= Action Canada =

Defunct Canadian political movement

The Action Canada movement was an attempt to establish a new political party in Canada in 1971.

Paul Hellyer, who had been a senior cabinet minister in the Liberal governments of prime ministers Lester B. Pearson and Pierre Trudeau had quit the Liberal Party after being defeated by Trudeau in the 1968 Liberal leadership election.

Hellyer sat as an independent Member of Parliament, and began his attempt to form his own political party in early June 1971. The party was to advocate putting more money in circulation to reduce unemployment, and using wage and price controls to prevent inflation from occurring.

The party attracted some support from members of the Progressive Conservative Party, Liberal Party, and the Social Credit Party.

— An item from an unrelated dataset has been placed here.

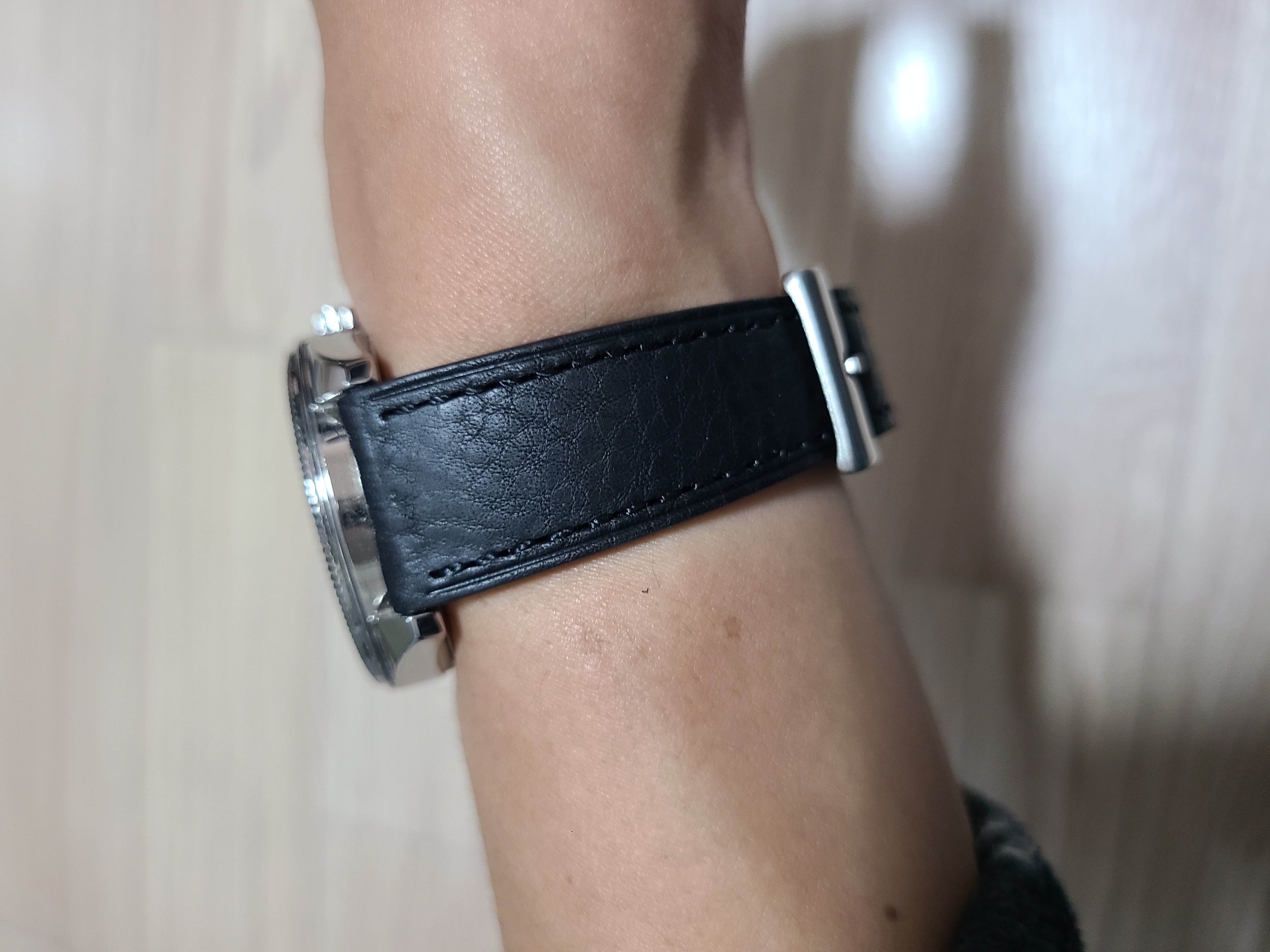 검은색 다이얼에 검은색 가죽 시계줄은 언제나 잘 어울리는 조합이지요. 시계줄을 바꾸고 나니 시크한 모습으로 바뀐 것 같네요. 이 맛에 줄질하나 봅니다.

Some senior Social Credit Party officials attended and addressed Action Canada's conference held in Toronto in early October 1971, and Hellyer addressed the Social Credit national convention in Hull, Quebec, on October 9–10. Hellyer gave a 25-minute speech to the predominantly francophone convention, of which only two minutes were in English, explaining how wage and price controls combined with controls over monopoly industries would enable the government to ensure full employment, eliminate inflation, and provide a guaranteed annual income. He received applause for his comments about it being Action Canada policy that French-speaking Quebecers should be able to work in their own language. He did not try to convince party members to join his movement.

Hellyer later accepted Progressive Conservative Party leader Robert Stanfield's invitation to join the PC caucus. He failed to win the PC leadership in 1976, and returned to the Liberal Party again in 1982. After failing to win the Liberal nomination for St. Paul's riding in 1988, he left that party again.

In the early 1990s, Hellyer again formed a new party, the Canadian Action Party. He resigned from the leadership of that party after the New Democratic Party rejected his proposal to merge the two parties.